**WORK TO COMPLETE**
Using the listing below, retype exactly the lines starting at the one with "4.须按要求摆放双机位,保证" and ending at the one with "Kertas Kerja Gotong", and include both.

**INPUT DATA**
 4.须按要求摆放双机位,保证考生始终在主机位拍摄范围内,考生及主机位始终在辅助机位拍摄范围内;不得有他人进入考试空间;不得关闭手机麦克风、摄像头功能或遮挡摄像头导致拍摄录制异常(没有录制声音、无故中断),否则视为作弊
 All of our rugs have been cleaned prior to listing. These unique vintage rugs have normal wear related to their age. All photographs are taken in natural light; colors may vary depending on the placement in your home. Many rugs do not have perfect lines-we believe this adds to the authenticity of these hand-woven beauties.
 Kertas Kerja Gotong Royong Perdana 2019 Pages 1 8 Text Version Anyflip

* * *

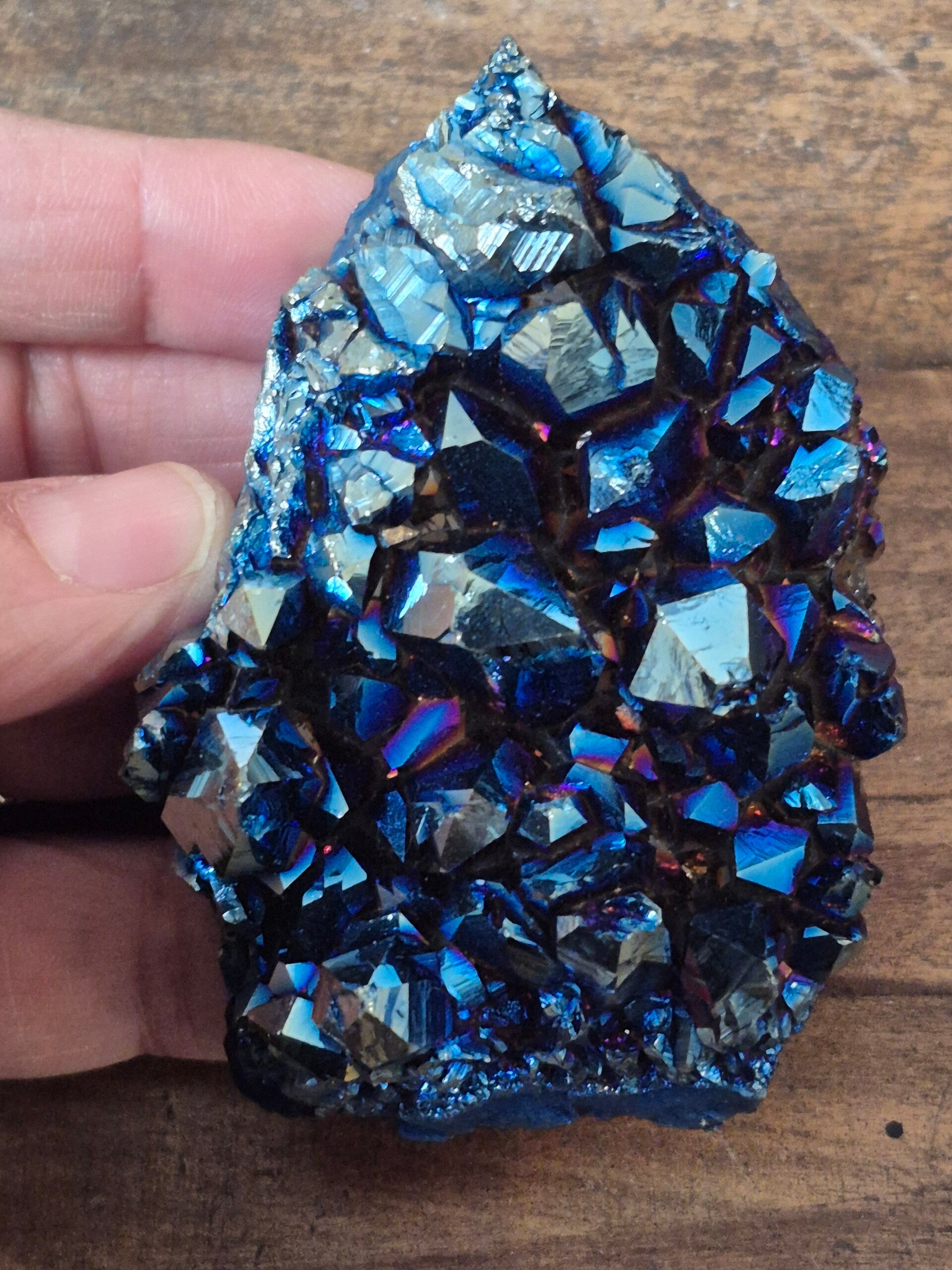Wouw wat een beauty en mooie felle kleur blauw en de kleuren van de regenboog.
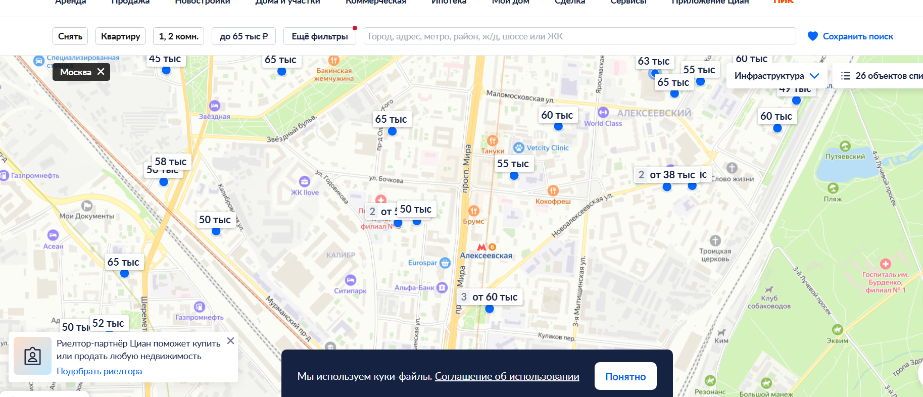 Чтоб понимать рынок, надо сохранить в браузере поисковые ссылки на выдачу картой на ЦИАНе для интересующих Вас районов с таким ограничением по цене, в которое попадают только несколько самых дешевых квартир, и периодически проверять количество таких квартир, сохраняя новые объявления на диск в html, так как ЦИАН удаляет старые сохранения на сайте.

* * *

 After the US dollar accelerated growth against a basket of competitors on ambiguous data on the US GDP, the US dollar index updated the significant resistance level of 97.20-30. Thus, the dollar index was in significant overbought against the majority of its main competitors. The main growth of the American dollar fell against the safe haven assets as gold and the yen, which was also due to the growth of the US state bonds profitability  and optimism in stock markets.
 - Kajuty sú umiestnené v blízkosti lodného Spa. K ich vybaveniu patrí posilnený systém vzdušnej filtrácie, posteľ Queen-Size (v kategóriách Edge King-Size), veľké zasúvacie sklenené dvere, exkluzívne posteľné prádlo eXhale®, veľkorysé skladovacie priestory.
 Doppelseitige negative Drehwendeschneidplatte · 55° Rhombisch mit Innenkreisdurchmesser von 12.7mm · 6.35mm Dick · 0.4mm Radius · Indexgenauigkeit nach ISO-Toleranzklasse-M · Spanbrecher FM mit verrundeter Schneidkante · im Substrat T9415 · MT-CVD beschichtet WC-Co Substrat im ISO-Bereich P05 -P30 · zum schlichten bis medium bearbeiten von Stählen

**RESPONSE BOX**
 4.须按要求摆放双机位,保证考生始终在主机位拍摄范围内,考生及主机位始终在辅助机位拍摄范围内;不得有他人进入考试空间;不得关闭手机麦克风、摄像头功能或遮挡摄像头导致拍摄录制异常(没有录制声音、无故中断),否则视为作弊
 All of our rugs have been cleaned prior to listing. These unique vintage rugs have normal wear related to their age. All photographs are taken in natural light; colors may vary depending on the placement in your home. Many rugs do not have perfect lines-we believe this adds to the authenticity of these hand-woven beauties.
 Kertas Kerja Gotong Royong Perdana 2019 Pages 1 8 Text Version Anyflip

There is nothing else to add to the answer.